The listing below holds pictures; exclude them. Return exactly the lines from the one with "Ce t-shirt sans" through the one with "재고 도매 15mm 밀짚".

Data for review:
______

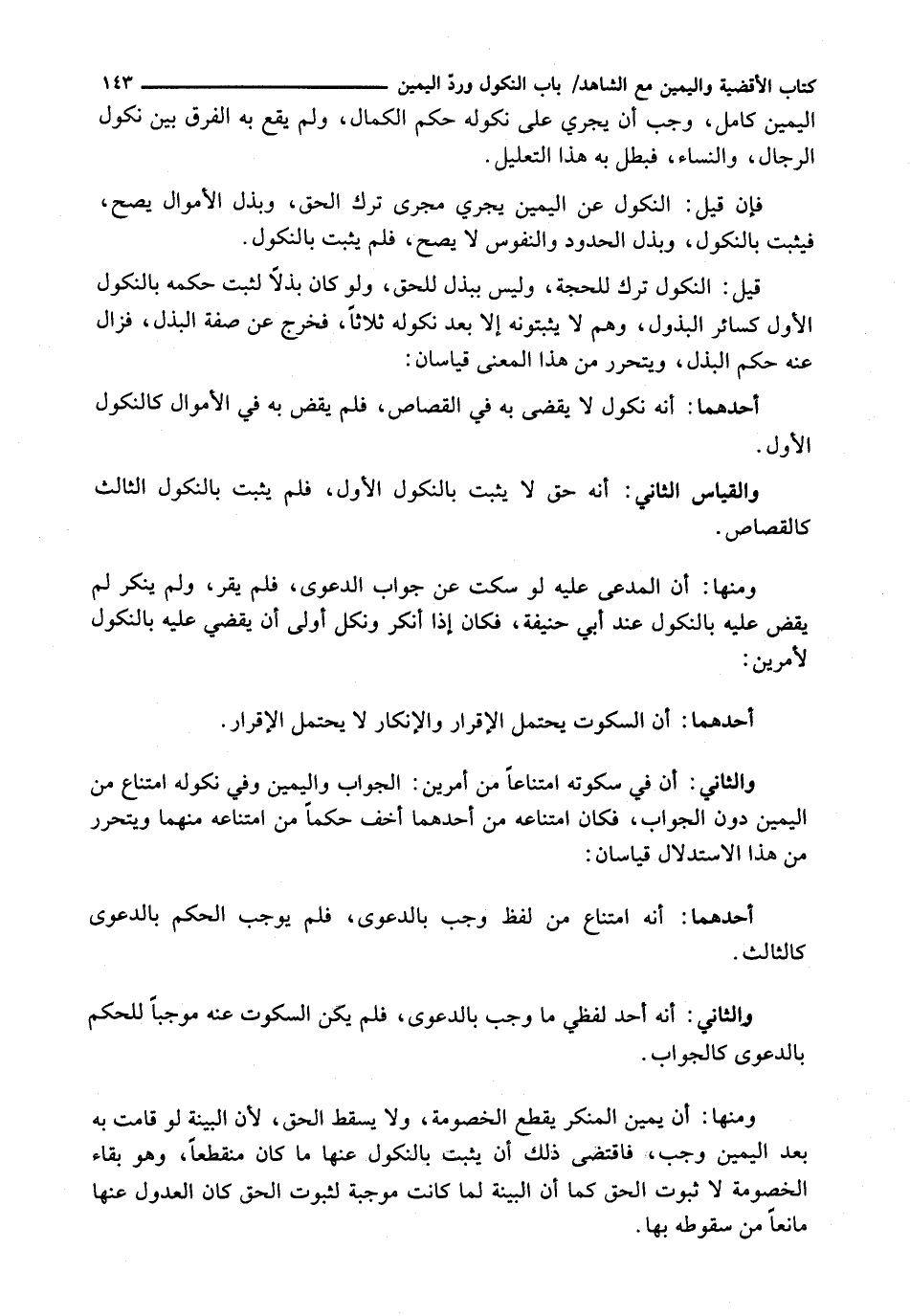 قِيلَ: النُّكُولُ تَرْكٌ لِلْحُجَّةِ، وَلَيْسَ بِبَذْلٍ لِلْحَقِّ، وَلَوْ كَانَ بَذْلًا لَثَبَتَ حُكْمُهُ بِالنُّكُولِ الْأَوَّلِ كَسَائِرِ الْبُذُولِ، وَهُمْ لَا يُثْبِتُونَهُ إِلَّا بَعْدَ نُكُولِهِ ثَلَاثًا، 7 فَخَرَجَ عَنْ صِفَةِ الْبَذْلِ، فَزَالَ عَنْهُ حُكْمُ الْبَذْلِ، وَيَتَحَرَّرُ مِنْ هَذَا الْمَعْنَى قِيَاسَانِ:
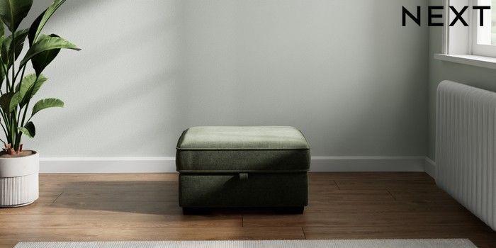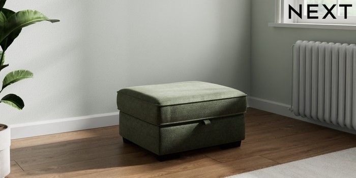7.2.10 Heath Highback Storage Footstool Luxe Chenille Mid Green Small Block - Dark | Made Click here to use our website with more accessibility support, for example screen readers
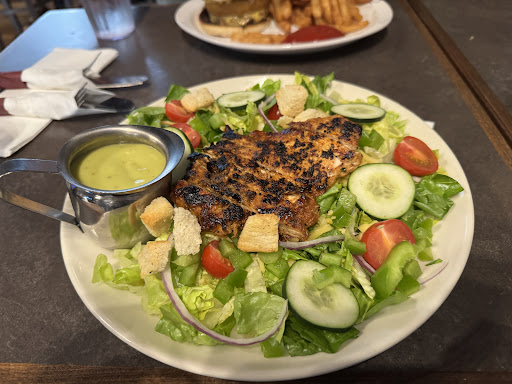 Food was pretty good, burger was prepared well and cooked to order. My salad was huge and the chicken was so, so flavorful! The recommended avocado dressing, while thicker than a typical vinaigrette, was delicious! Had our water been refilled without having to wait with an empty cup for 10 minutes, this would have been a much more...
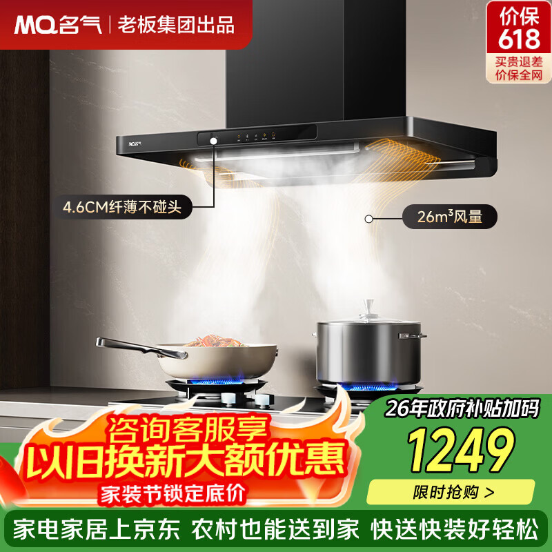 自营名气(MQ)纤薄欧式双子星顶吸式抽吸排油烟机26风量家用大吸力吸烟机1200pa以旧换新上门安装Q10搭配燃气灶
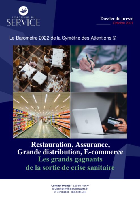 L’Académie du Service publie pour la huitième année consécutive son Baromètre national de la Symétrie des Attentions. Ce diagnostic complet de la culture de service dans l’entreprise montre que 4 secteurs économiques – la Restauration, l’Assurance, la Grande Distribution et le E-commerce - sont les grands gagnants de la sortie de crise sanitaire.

______

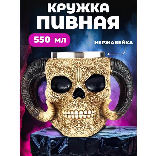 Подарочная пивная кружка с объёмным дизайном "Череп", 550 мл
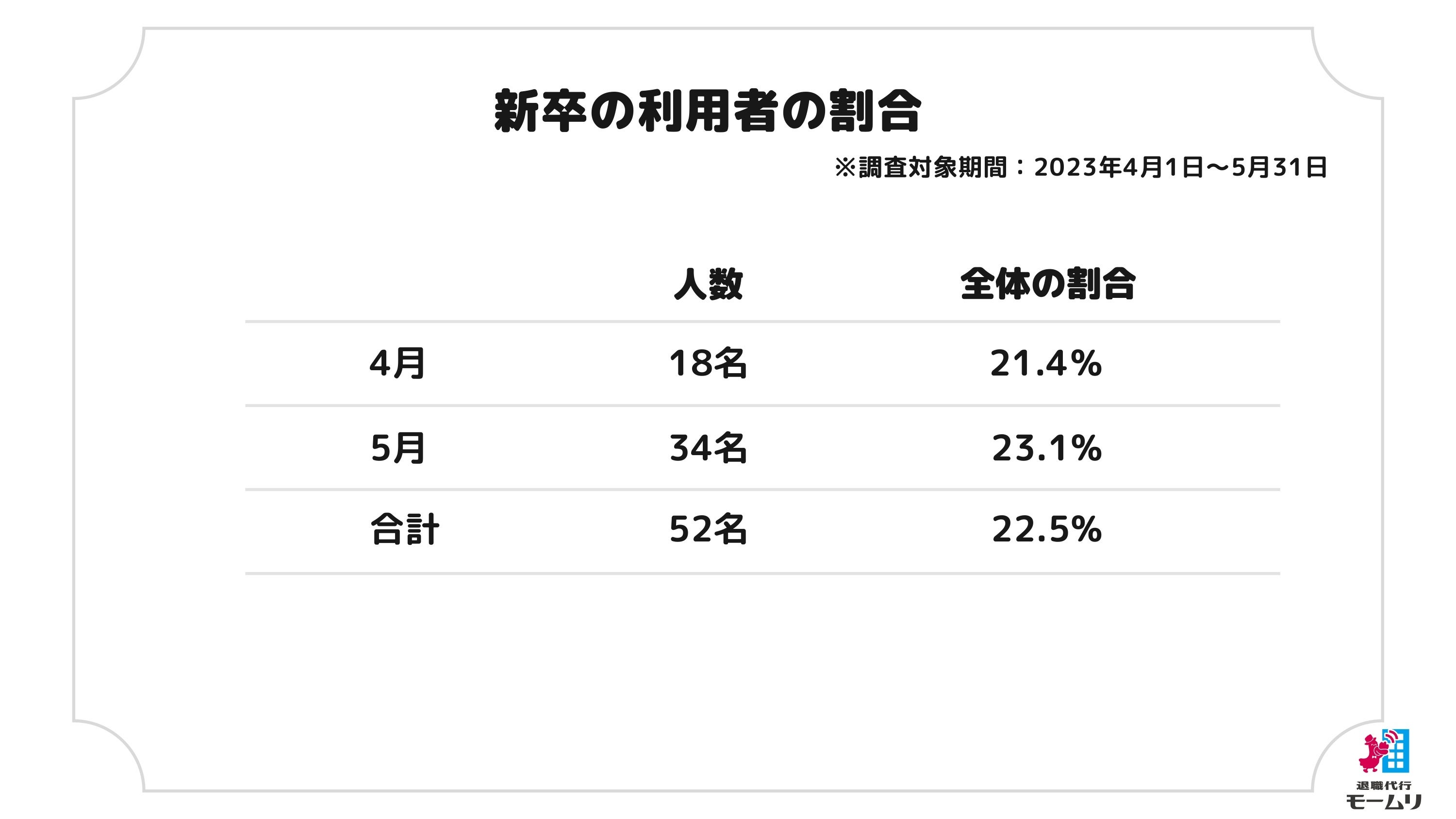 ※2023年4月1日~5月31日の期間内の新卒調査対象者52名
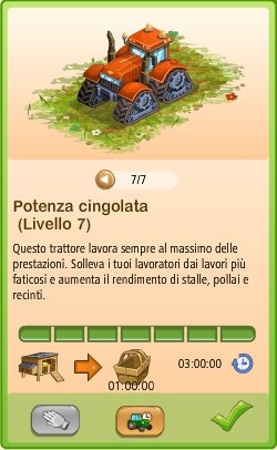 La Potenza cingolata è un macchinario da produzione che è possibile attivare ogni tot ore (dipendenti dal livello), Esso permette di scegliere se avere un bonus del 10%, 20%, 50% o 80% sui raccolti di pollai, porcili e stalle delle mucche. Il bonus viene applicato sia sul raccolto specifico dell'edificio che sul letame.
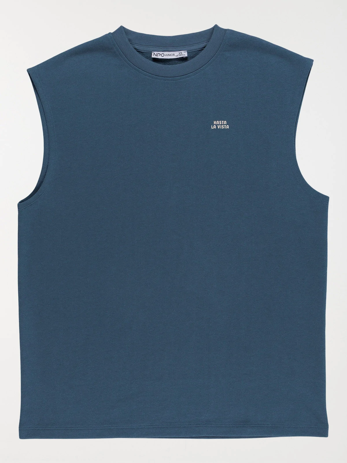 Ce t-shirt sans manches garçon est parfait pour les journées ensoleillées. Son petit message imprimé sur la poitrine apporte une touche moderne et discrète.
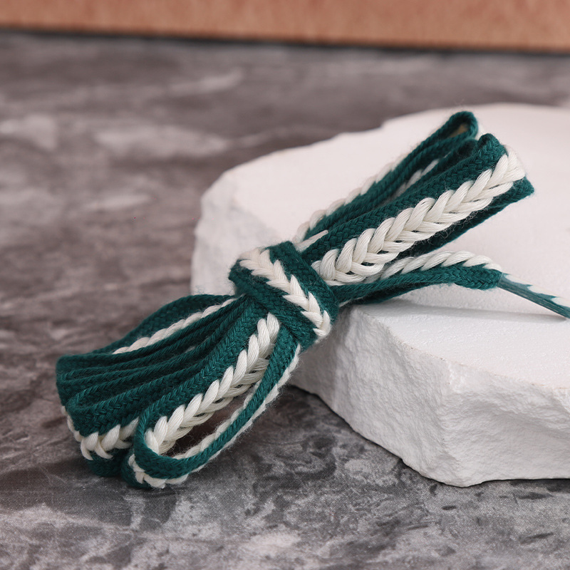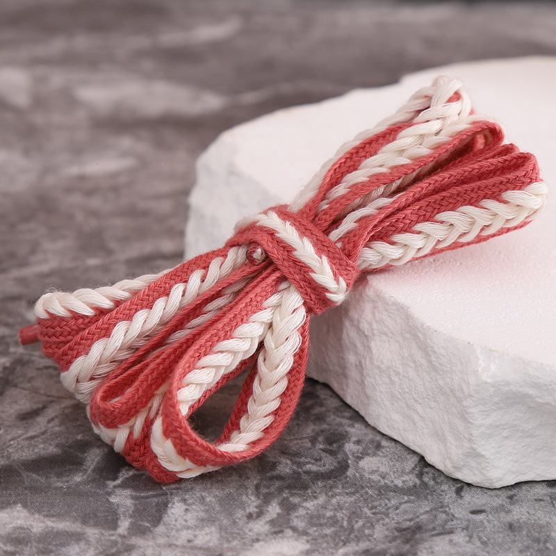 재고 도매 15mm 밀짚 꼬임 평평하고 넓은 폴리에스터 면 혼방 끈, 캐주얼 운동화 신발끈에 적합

______

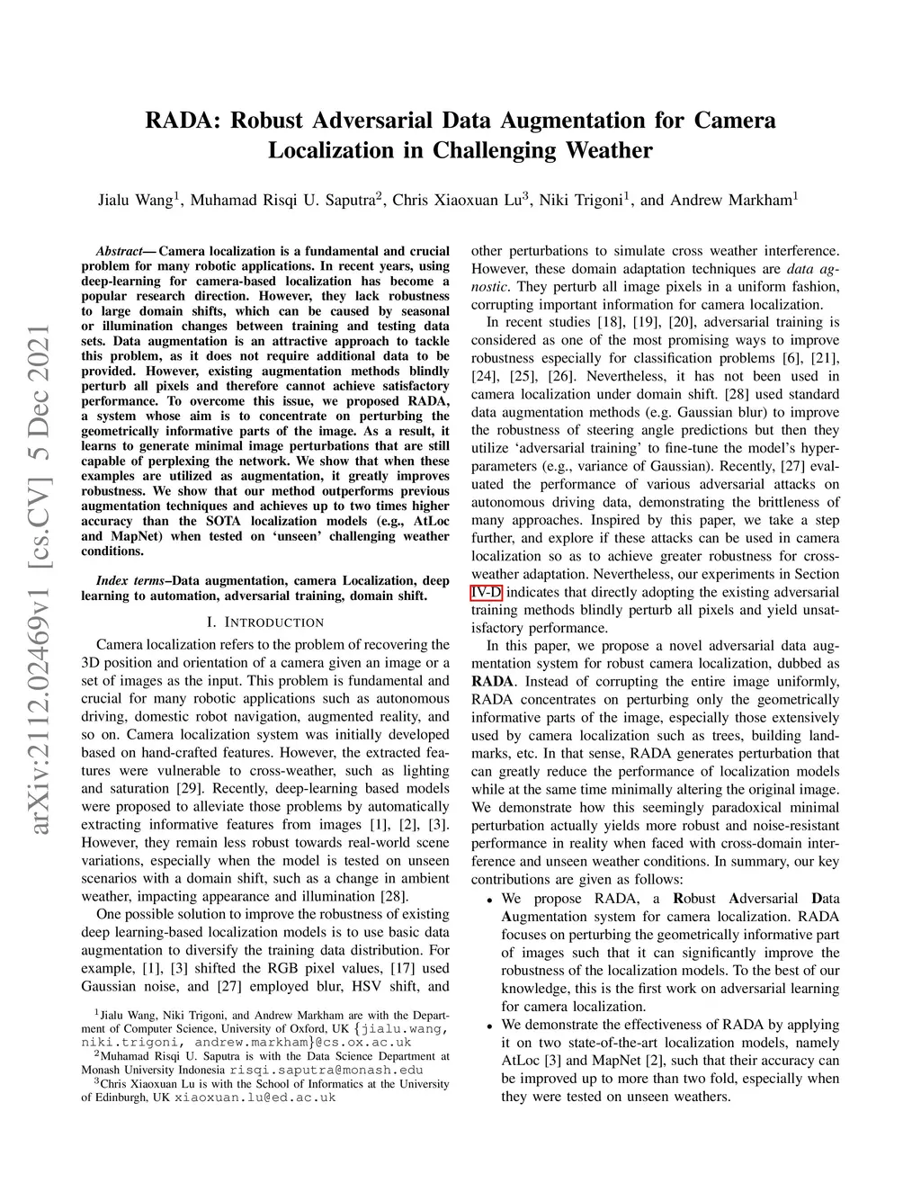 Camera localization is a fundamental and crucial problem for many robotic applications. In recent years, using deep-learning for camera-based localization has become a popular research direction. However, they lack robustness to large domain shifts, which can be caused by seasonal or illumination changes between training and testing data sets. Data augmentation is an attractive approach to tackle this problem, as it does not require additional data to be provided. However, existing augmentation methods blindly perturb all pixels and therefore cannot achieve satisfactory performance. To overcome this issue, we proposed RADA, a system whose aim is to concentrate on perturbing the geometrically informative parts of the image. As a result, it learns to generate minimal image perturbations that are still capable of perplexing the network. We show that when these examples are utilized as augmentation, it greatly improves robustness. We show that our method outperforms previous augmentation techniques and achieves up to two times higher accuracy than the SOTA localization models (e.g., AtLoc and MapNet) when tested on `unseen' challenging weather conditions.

______

Response area:
 Ce t-shirt sans manches garçon est parfait pour les journées ensoleillées. Son petit message imprimé sur la poitrine apporte une touche moderne et discrète.
 재고 도매 15mm 밀짚 꼬임 평평하고 넓은 폴리에스터 면 혼방 끈, 캐주얼 운동화 신발끈에 적합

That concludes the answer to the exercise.